→ About this exercise: Wherever pictures appear in the listing below, leave them out, and copy exactly, and only, everything from the line with "Teatro de la" down to the line with "चंडीगढ़। सेक्टर-36 स्थित".

→ Exercise inputs:
··········

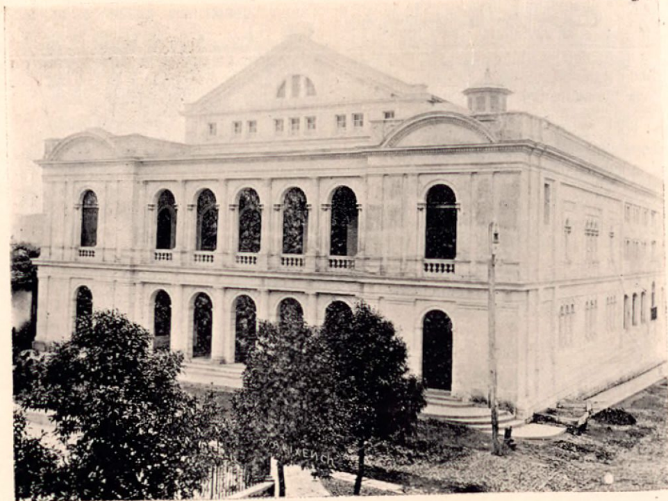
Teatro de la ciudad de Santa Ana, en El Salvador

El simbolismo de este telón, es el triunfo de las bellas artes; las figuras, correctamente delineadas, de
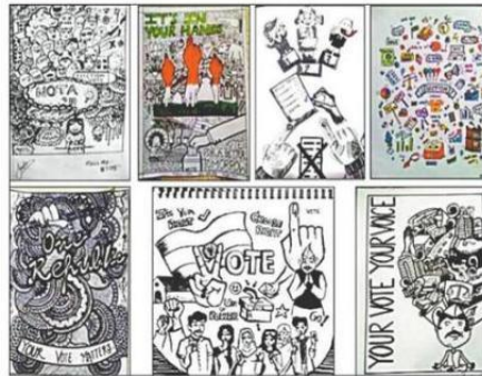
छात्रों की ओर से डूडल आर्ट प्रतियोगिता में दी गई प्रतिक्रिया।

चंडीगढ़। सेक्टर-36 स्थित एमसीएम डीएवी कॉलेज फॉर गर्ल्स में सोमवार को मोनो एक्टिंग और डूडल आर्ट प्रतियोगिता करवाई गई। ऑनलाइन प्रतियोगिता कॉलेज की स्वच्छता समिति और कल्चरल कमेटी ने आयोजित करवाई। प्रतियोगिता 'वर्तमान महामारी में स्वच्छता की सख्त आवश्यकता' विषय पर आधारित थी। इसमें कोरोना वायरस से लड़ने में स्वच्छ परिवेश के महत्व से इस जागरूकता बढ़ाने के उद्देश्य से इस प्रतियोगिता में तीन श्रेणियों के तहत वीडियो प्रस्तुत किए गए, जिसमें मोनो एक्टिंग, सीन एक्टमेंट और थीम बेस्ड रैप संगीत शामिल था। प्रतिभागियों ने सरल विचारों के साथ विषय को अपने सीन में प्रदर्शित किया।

··········

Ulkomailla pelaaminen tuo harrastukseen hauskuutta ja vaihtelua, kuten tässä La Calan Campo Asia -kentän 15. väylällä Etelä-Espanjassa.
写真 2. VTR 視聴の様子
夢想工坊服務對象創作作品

··········

→ Result of the exercise:
Teatro de la ciudad de Santa Ana, en El Salvador

El simbolismo de este telón, es el triunfo de las bellas artes; las figuras, correctamente delineadas, de
छात्रों की ओर से डूडल आर्ट प्रतियोगिता में दी गई प्रतिक्रिया।

चंडीगढ़। सेक्टर-36 स्थित एमसीएम डीएवी कॉलेज फॉर गर्ल्स में सोमवार को मोनो एक्टिंग और डूडल आर्ट प्रतियोगिता करवाई गई। ऑनलाइन प्रतियोगिता कॉलेज की स्वच्छता समिति और कल्चरल कमेटी ने आयोजित करवाई। प्रतियोगिता 'वर्तमान महामारी में स्वच्छता की सख्त आवश्यकता' विषय पर आधारित थी। इसमें कोरोना वायरस से लड़ने में स्वच्छ परिवेश के महत्व से इस जागरूकता बढ़ाने के उद्देश्य से इस प्रतियोगिता में तीन श्रेणियों के तहत वीडियो प्रस्तुत किए गए, जिसमें मोनो एक्टिंग, सीन एक्टमेंट और थीम बेस्ड रैप संगीत शामिल था। प्रतिभागियों ने सरल विचारों के साथ विषय को अपने सीन में प्रदर्शित किया।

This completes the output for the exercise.